What Should Really Worry You About Cloud

Lorna GareyJudging by the data, many customers see cloud as a Doomsday Machine — simple for business users to understand, credible and convincing, yet able to annihilate their race. Who needs admins when all the servers and NAS arrays are in a cloud bunker in Idaho?

The response for many has been to stonewall. When business leaders ask about cloud, throw out a couple of anecdotes about disastrous AWS outages, mumble something dire about compliance, then go back to the war server room and play Minecraft.

Trusted advisers need to stop aiding and abetting that behavior. First, your customers have shadow cloud services running. Every last one of them. Cloud Security Alliance audits show an industry average of 928 cloud services in use per company. IT is typically aware of only 60 — not even 10 percent of the total. That’s not conjecture, it’s log analysis. As security expert Michael Davis discusses in “Cloud Risk, Hype vs. Reality,” you can’t protect what you don’t know about.

Second, all those blue-chip vendors you’ve partnered with for years are very serious about moving workloads to the cloud. Preferably their clouds, say AT&T, Cisco, HP, IBM, Microsoft, Rackspace, Verizon. Even Oracle is now all in on cloud. Brocade and F5 are selling their products as virtual network functions. Howard Cohen lays out the domination strategies for some top IaaS providers, on whose networks hundreds of innovative products are being built. DR-as-a-service, productivity suites, databases. There’s no business app that you cannot provision for customers from the cloud. Multimillion-dollar companies run just fine without so much as a PBX.
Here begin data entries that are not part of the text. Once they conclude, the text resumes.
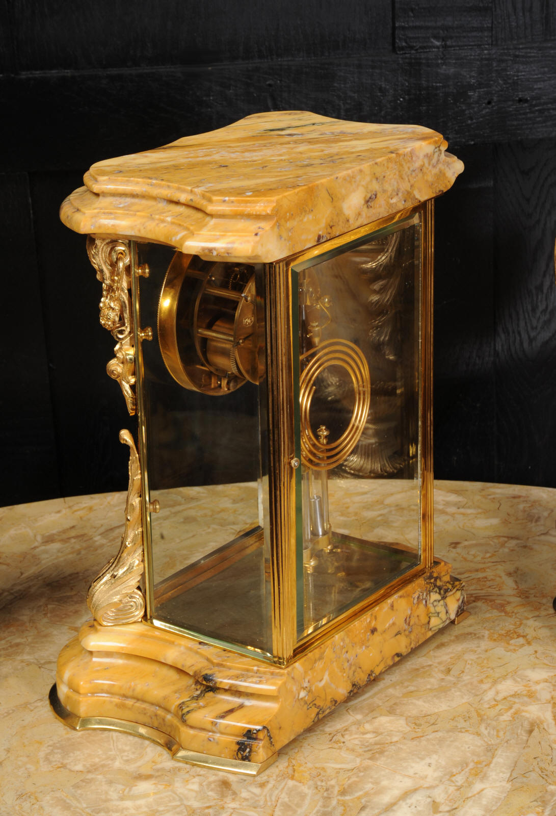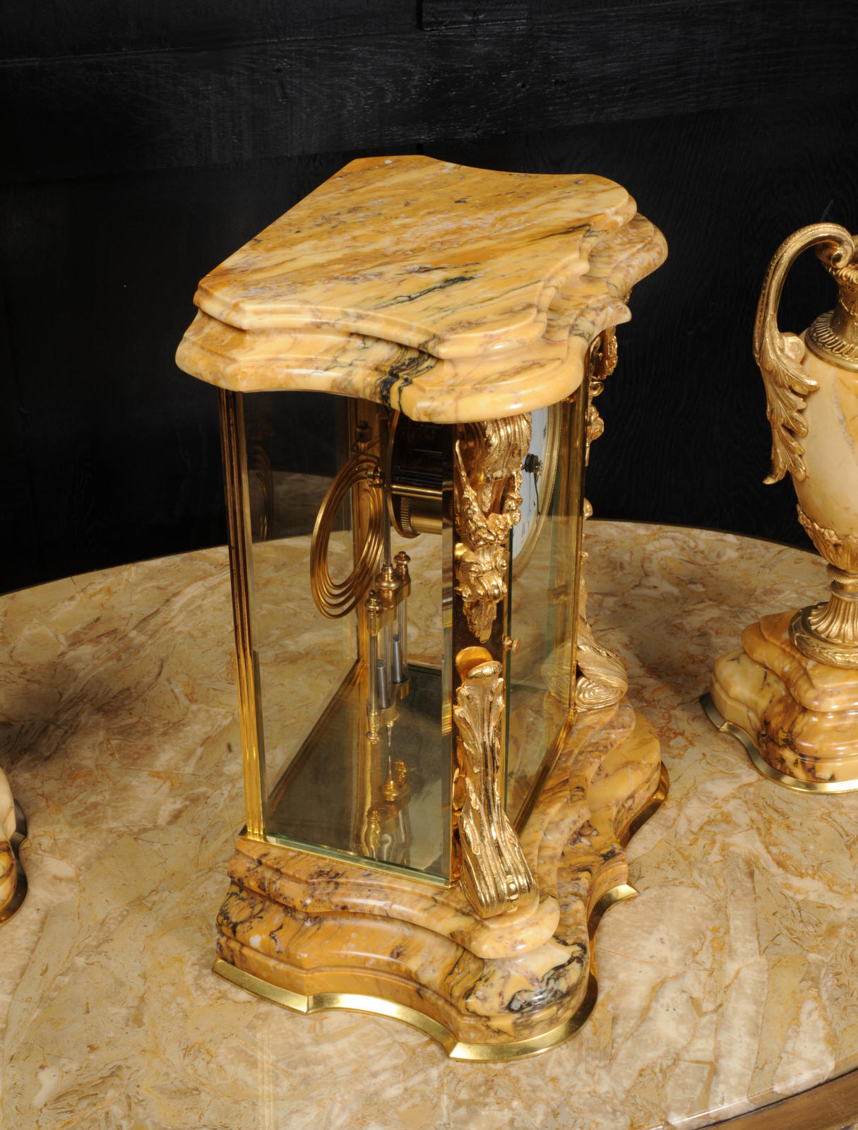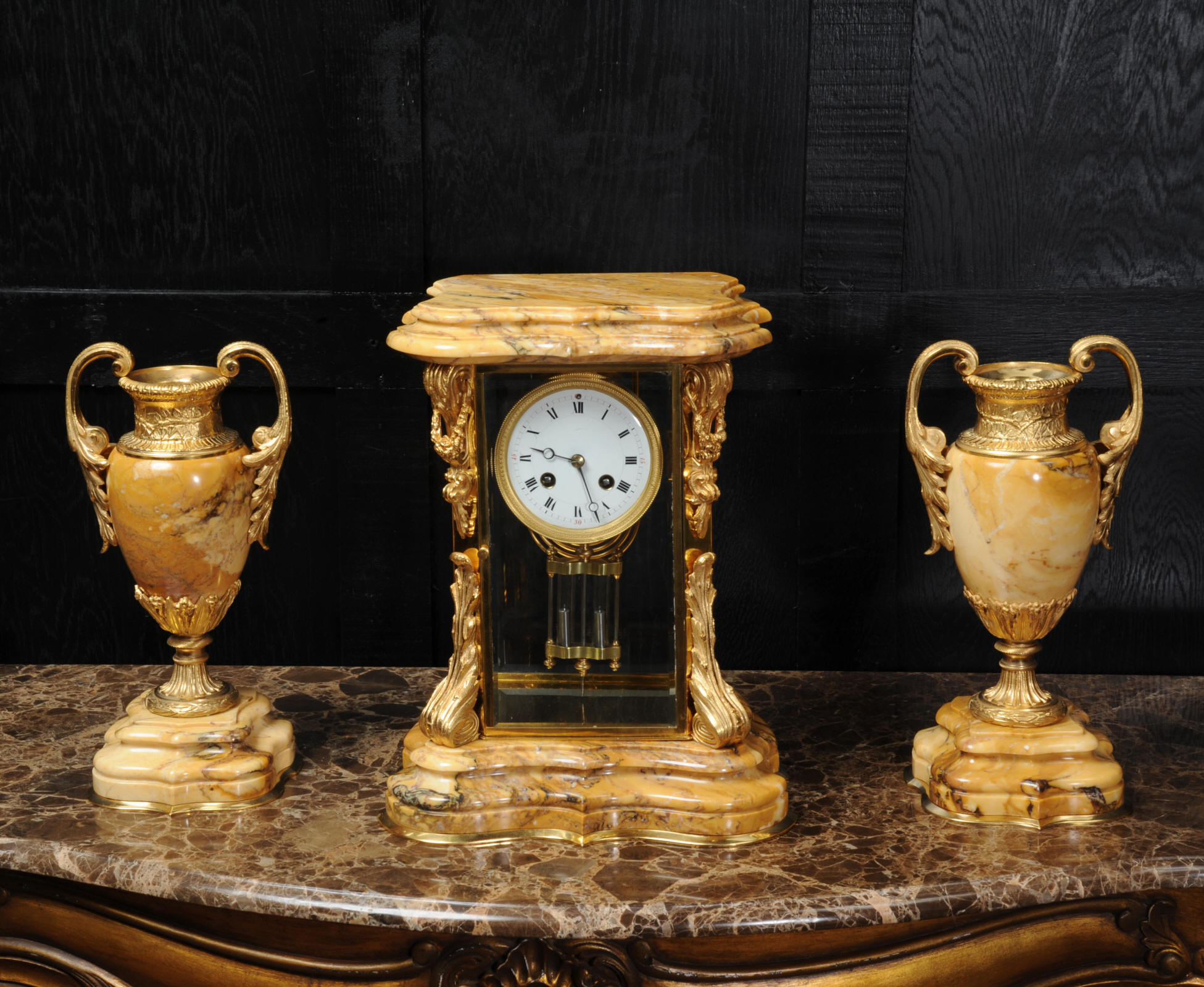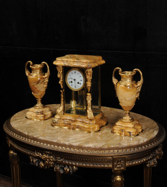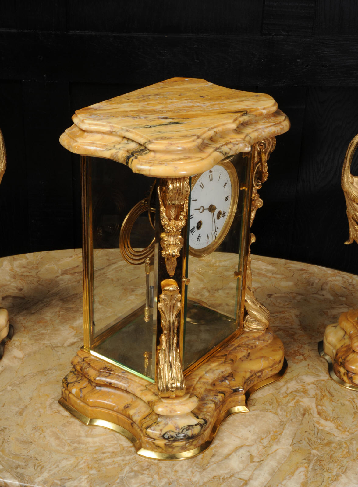 The dial is porcelain enamel on copper, finely lettered and with original finely cut and blued breguet hands. The French movement is by Japy Freres and is of the makers usual high quality. It is in excellent clean and running condition having been fully overhauled by our clockmaker. Pendulum is original, we have replaced the mercury with polished silver steel for safety. It runs for 8 days and strikes the hours and halves on a coiled gong. Click the video clip below to hear the gong and watch the clock running! Condition of the case is excellent, the original gilding is beautifully clean and bright with hardly any wear or discolouration. The marble is also excellent with no significant damage and a good polish. The dial is also in excellent condition just some small scratches. The urn inserts have some repair / cracking but do not detract.
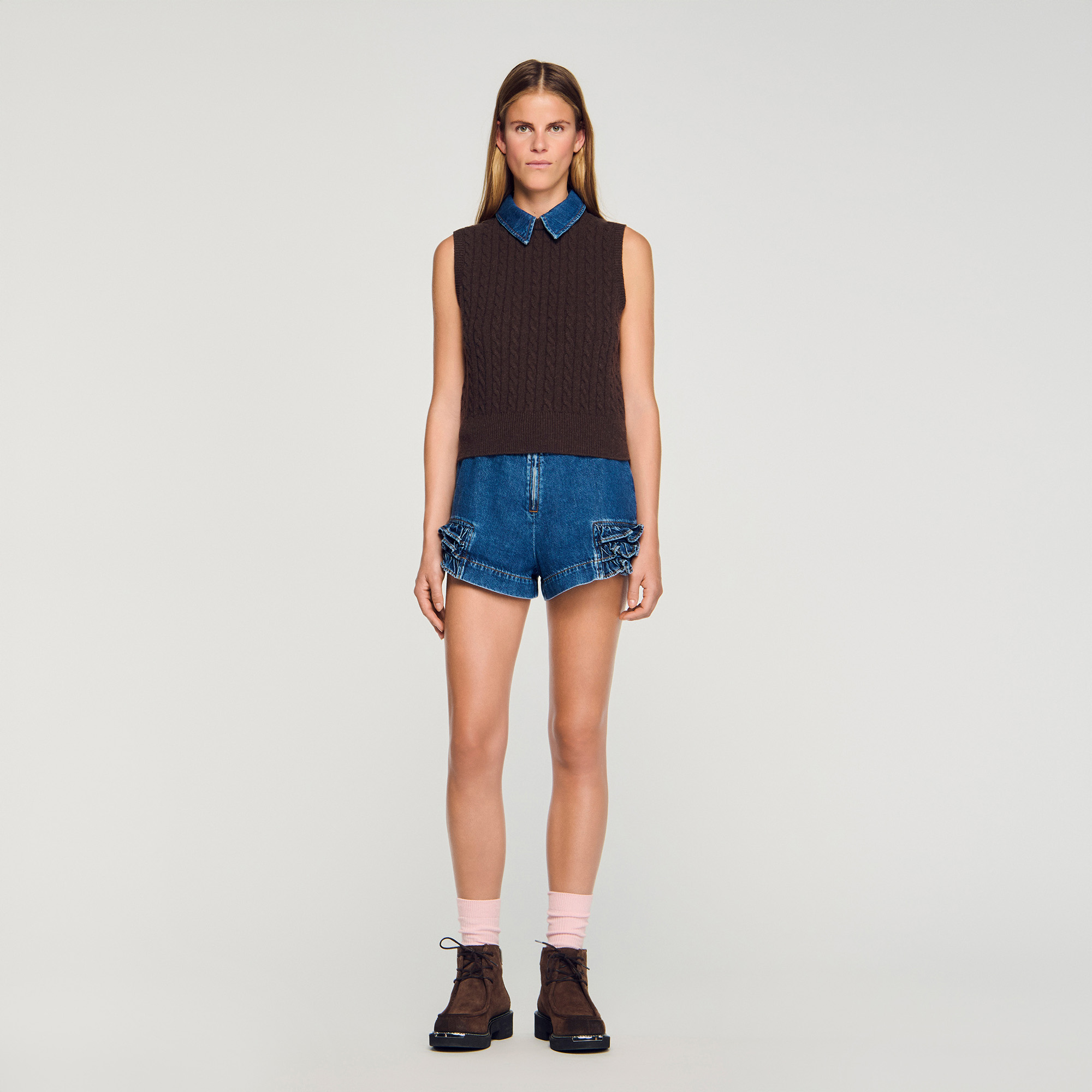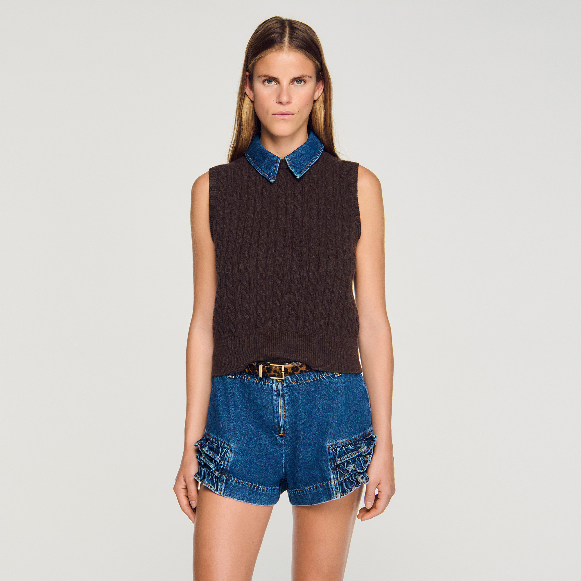 Sandro wool Sleeveless cropped cable knit sweater with a denim collar and contrasting embroidery on the chest.
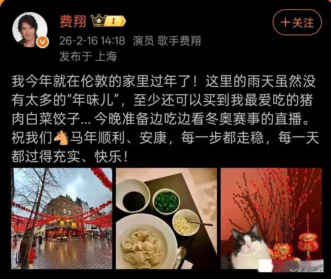 这就是年夜饭。简简单单一盘饺子,陈醋、蒜末、葱花。为什么如此寒酸? 这可是全中国人民都认识的费翔的年夜饭。他是在伦敦过的农历年。虽然身在异国他乡,依然没有忘了习俗——吃饺子,可见炎黄子孙没有忘本。

And finally, the health of your business depends on welcoming born-in-the-cloud vendors and customers. As Dede Haas discusses, relationships matter now just as much as when you’d go on-site to swap out a stack of appliances. Line of business decision-makers understand that a new world order is at hand, and they’re watching to see which partners have their companies’ best interests at heart. As our keynoters will point out, cloud’s the new C-suite BFF. Where that leaves you is entirely in your hands.

I don’t care whether a customer is in the business of selling cars, baking pizzas or delivering health care, cloud services — and with them the Internet of Things and new cyberthreats and opportunities — are here now. You’ll hear about them throughout Cloud Partners, from the winners of our 2015 Cloudy awards for innovation to education sessions on developing a cloud broker or security practice to working with Amazon and Google.

The long-term survival of your customers is at stake. Let them fall too far behind competitors in use of cloud and they risk being priced, or innovated, right out of existence. And they’ll take you with them. Now that’s something to worry about.